--- DATA IN THIS EXERCISE Enclosed Below ---

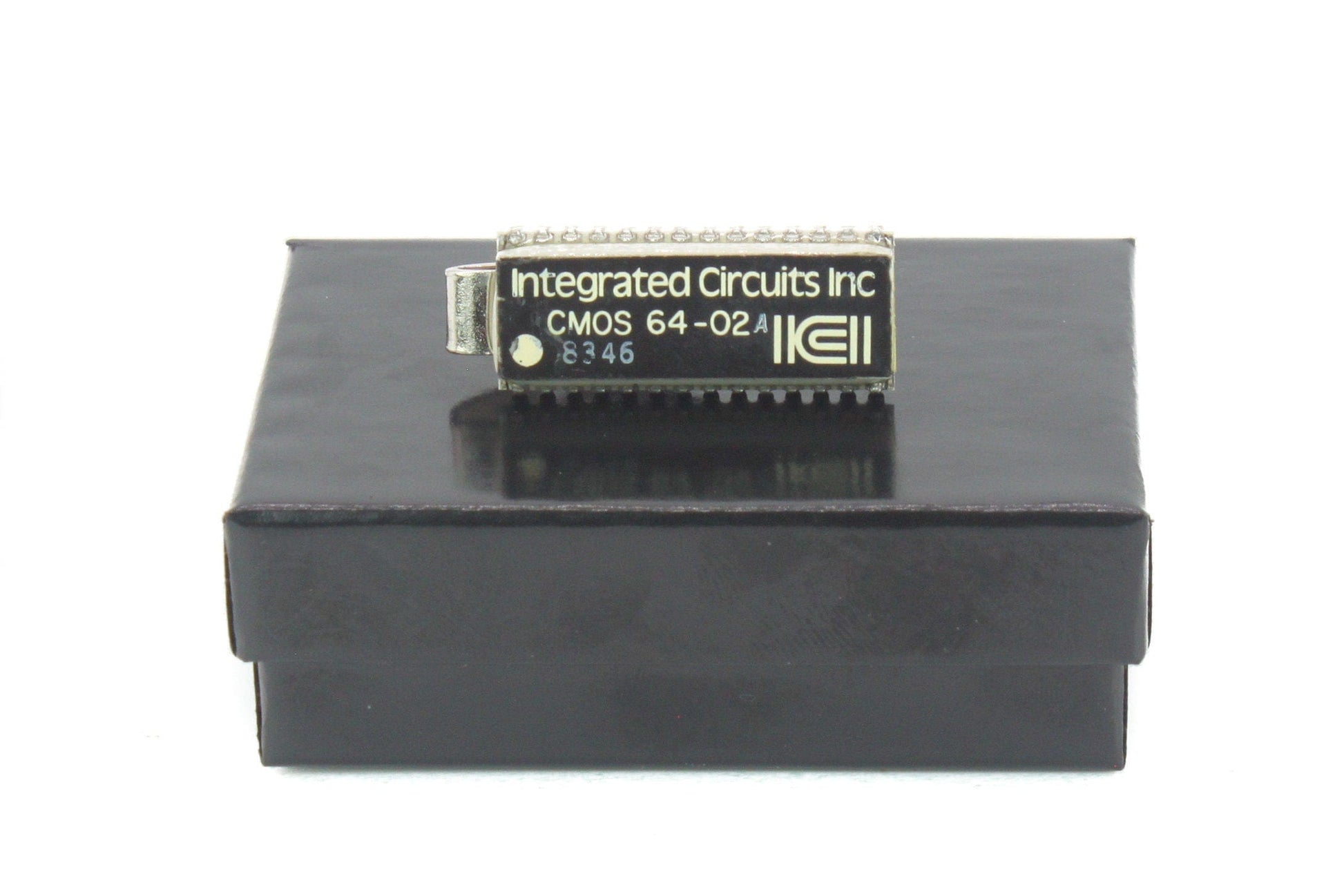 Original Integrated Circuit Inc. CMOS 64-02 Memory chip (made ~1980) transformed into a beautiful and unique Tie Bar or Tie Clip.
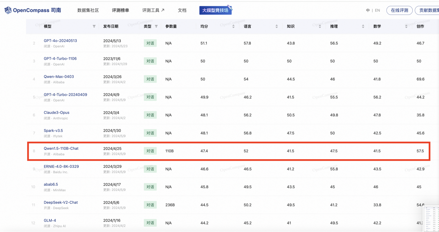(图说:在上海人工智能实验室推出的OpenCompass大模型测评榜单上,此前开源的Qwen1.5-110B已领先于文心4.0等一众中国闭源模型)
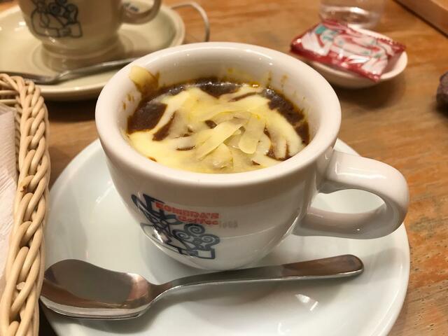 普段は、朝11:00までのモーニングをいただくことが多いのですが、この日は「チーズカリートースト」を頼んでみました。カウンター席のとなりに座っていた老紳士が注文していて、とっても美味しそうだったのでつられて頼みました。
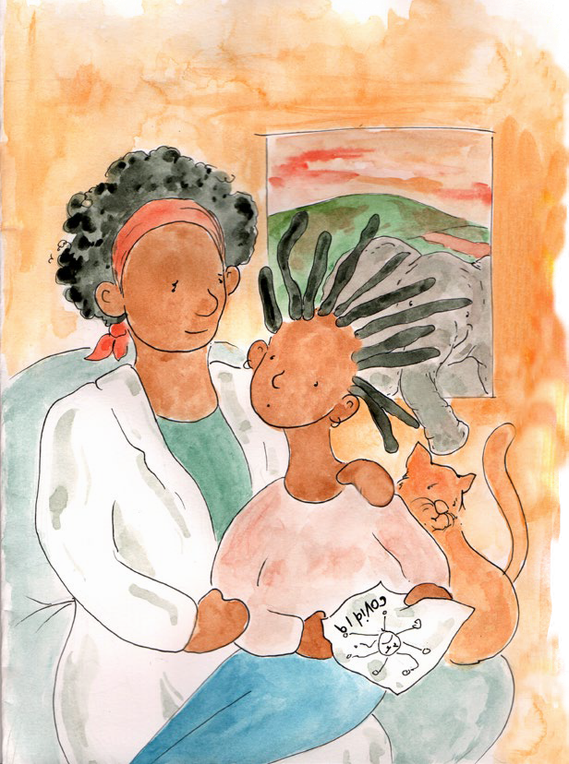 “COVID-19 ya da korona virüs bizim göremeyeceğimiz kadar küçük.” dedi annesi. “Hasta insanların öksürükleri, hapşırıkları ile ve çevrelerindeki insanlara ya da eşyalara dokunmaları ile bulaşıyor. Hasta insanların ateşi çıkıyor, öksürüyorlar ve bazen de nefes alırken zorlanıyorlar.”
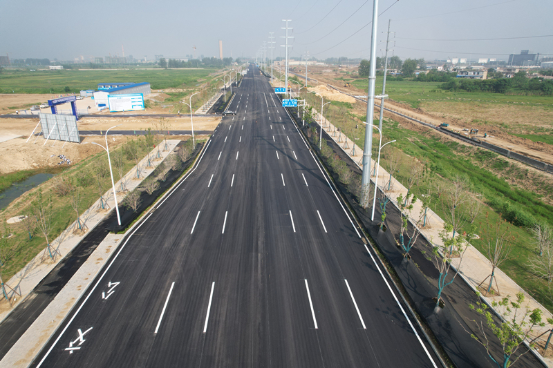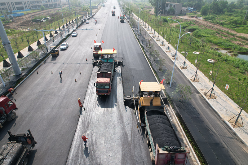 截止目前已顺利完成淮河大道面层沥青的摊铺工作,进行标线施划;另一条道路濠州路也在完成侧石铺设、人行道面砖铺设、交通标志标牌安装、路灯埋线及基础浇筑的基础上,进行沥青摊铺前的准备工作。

--- End of Enclosed DATA IN THIS EXERCISE ---
--- DATA IN THIS EXERCISE Enclosed Below ---

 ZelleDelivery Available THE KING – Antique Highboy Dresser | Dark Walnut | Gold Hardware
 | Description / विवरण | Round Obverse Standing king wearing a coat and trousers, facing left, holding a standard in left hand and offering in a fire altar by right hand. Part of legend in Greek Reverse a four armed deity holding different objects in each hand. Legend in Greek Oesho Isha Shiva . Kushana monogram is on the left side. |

--- End of Enclosed DATA IN THIS EXERCISE ---
--- DATA IN THIS EXERCISE Enclosed Below ---

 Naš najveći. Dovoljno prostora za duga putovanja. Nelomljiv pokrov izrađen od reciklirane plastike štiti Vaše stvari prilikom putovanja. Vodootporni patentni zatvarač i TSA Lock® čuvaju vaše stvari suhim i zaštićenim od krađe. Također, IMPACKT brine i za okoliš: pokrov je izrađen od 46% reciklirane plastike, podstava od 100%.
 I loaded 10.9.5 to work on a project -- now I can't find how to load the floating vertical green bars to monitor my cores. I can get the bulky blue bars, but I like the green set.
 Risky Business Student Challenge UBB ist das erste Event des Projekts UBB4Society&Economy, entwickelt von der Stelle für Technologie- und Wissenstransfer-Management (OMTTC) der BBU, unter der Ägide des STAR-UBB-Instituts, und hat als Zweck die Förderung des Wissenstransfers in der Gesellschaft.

--- End of Enclosed DATA IN THIS EXERCISE ---

WHAT THE TASK ASKS:
Find where the line with "ya da korona" sits in the material above and where the line with "截止目前已顺利完成淮河大道面" sits. Set down exactly the lines from the first to the second, both included and nothing else, without pictures.

FINAL ANSWER:
 “COVID-19 ya da korona virüs bizim göremeyeceğimiz kadar küçük.” dedi annesi. “Hasta insanların öksürükleri, hapşırıkları ile ve çevrelerindeki insanlara ya da eşyalara dokunmaları ile bulaşıyor. Hasta insanların ateşi çıkıyor, öksürüyorlar ve bazen de nefes alırken zorlanıyorlar.”
 截止目前已顺利完成淮河大道面层沥青的摊铺工作,进行标线施划;另一条道路濠州路也在完成侧石铺设、人行道面砖铺设、交通标志标牌安装、路灯埋线及基础浇筑的基础上,进行沥青摊铺前的准备工作。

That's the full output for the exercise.